Springfield Clinic had a challenge on its hands. The large multispecialty medical clinic, with 50 satellite offices in southern Illinois, lacked an effective way to communicate with its 2,300 medical and administrative employees. The weekly newsletter emails generated by the Springfield, Ill.-headquartered firm’s HR department were being ignored by the staff, and worse, they were not helping to build a cohesive team.
“We struggled for quite some time to find a way to really get our physicians and staff to engage in news about what was going on,” says Patty Kuhn, marketing director for Springfield Clinic. “We had nine or 10 different department newsletters from our quality management department to human resources to a corporate internal e-newsletter.”
Last summer, when the company’s new CEO noticed at a staff meeting that employees were all looking at their phones, he had a thought: Why not send out the HR and staff alerts over smartphones?
Springfield Clinic looked at five or six similar products before selecting APPrise Mobile, an HR communication app for smartphones that is designed for staff spread out over wide locations. A pilot program was launched in July 2017. The program went live in September and the clinic’s e-mail newsletters have since been deactivated. “We had a retirement party for the corporate newsletter last December,” jokes Kuhn.
As a software as a service, APPrise Mobile provides a native app to allow employers to organize and push content to their workforces and target content to specific groups of employees, according to Jeff Corbin, CEO and founder of APPrise Mobile.

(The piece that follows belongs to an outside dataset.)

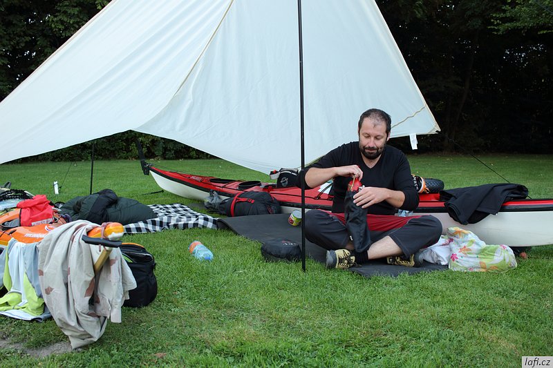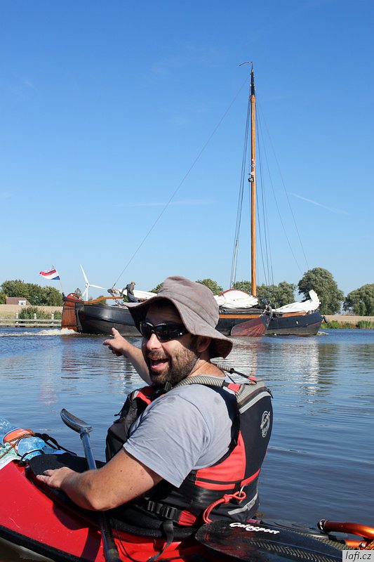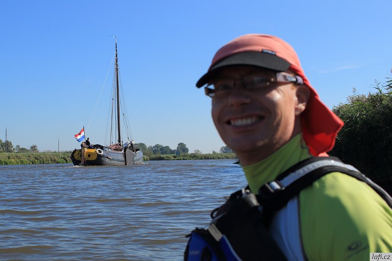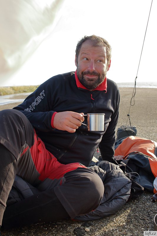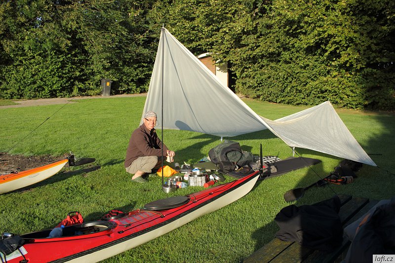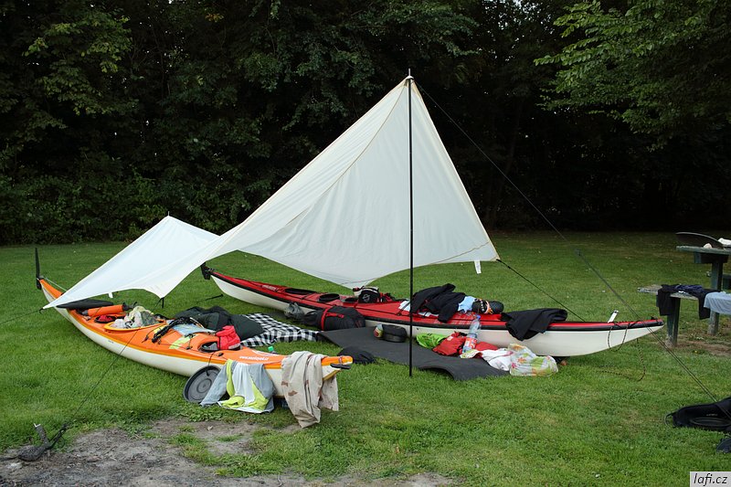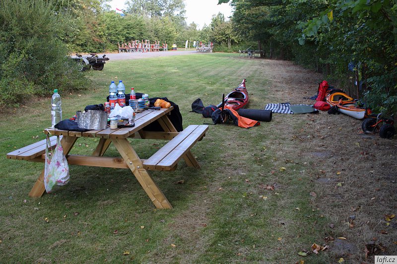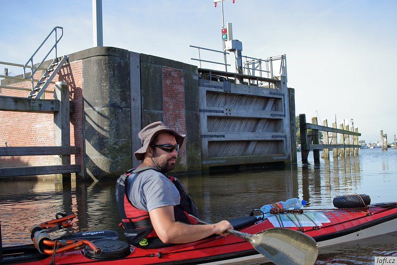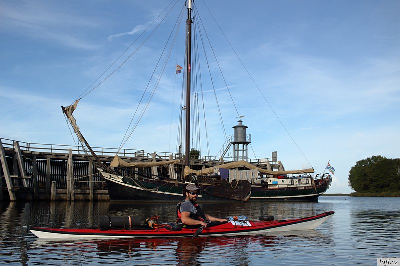 Ráno snídáme, sušíme spacáky na slunci a pomalu se schyluje k mé neoblíbené činnosti, prvnímu balení do kajaků. Zjišťuju, že táhnu spoustu jídla. Část nechávám v autě. I tak je loď dost těžká. Dnes je víc než vhodné vypít plechovku tupláku Faxe, co jsem koupil ještě na benzínce. Spouštíme lodě na vodu a odrážíme. Mám novou šprajdu od Stanďocha, je skvělá. Plujeme kolem diesel přečerpávací stanice Electra dál, jak si myslíme po proudu do Zoutkampu. Po chvíli mi přijde zvláštní, že nám slunce svítí spíš do obličeje a řeka se zužuje. Pádlujeme dál. Před námi se objevuje městečko. Jediná civilizace co podle mapy má být mezi námi a mořem je Zoutkamp. Přivazujeme kajaky k molu a jdeme se podívat na souš. Míra nadšeně říká cosi o obchodu s čerstvě grilovanými rybami. Po krátkém hledání, rozhovoru s místním mládencem a konečné porovnání naší polohy s GPS zjišťujeme, že jsme úplně jinde. Jak už zřejmě tušíte, jsme zhruba 16 kilometrů proti proudu ve městě Garnwerd. Jak to, že jsme minuli řeku? Vždyť u kempu je jen slepý kanál? Záhadu nám objasnila až mapa v mobilu. Po levé straně, hned za přečerpávačkou, jsou malá zdymadla a do nich je svedená celá řeka. To je možný snad jen v Holandsku. No nic, pádlujeme zpátky. Ještě před nasednutím do lodí se s námi dává do řeči jeden Holandský postarší pár a chlápek nás odrazuje od pádlování na Wadensee. Podle něj je to Very dangerous . No, uvidíme. Pozdě odpoledne doplouváme na místo, kde jsme ráno začínali. Už po cestě se mi nelíbí obloha, vypadá to na bouřku. Míra chce tábořit alespoň kousek dál. Tábořiště za parkovištěm, kde máme auto se mi ale zdá ideální. Je kryté stromy před větrem ze všech stran, má záchod i umyvadlo. Nakonec přeci jen kempíme na stejném místě, kde jsme vyplouvali. Je to potupa. Zvedá se vítr, trochu sprchne, jsme rádi, že máme plachtu nad hlavou a nefouká tady.

With clients that include Toyota North America, Chipotle and hospital networks, APPrise Mobile aims to help executives and HR directors reach workers from the top down, especially contract workers. “In many instances, there are a lot of part-time employees who don’t necessarily have corporate e-mail addresses so it’s been a challenge for these companies to reach them for many years,” Corbin says.
Corbin says the challenge for today’s HR executives is not shrinking an e-mail newsletter down to a two and a half by four inch screen of an iPhone or Android. For the end user, “we ask what are the five, six or seven categories of information content that an employee wants to have, needs to have at their fingertips and how do you package that in a way that it's going to be consumed and not ignored or deleted?” says Corbin.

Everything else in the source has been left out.